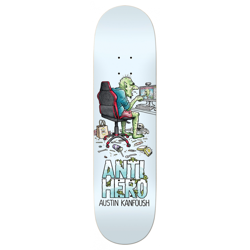 Plateau skateboard de la marque Antihero, illustration sous la planche. Modèle "Trolls ", Austin KANFOUSH signature.
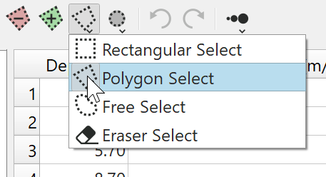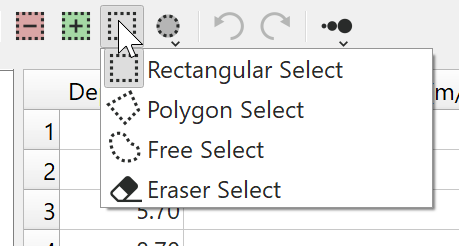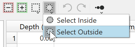 This button places the cursor in Reject Selection mode. Holding down the CTRL key will invert the mode between Reject and Accept. Use the selection style and selection area drop down buttons to modify the selection style.
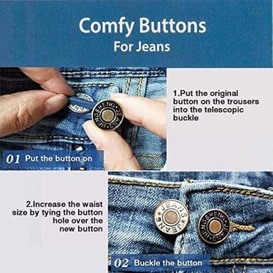 Knappförlängaren är gjord av en metallknapp med en flexibel, slitstark ögla av silikon. Med midjeförlängaren kan du enkelt lägga till ett par cm i midjeomfång och sen knäppa jeans, kjolar och byxor som vanligt igen.

★ ★ ★ ★

WORK TO BE COMPLETED
Transcribe the whole listing exactly as it stands, apart from the pictures.

PROBLEM SOLUTION
 Plateau skateboard de la marque Antihero, illustration sous la planche. Modèle "Trolls ", Austin KANFOUSH signature.
 This button places the cursor in Reject Selection mode. Holding down the CTRL key will invert the mode between Reject and Accept. Use the selection style and selection area drop down buttons to modify the selection style.
 Knappförlängaren är gjord av en metallknapp med en flexibel, slitstark ögla av silikon. Med midjeförlängaren kan du enkelt lägga till ett par cm i midjeomfång och sen knäppa jeans, kjolar och byxor som vanligt igen.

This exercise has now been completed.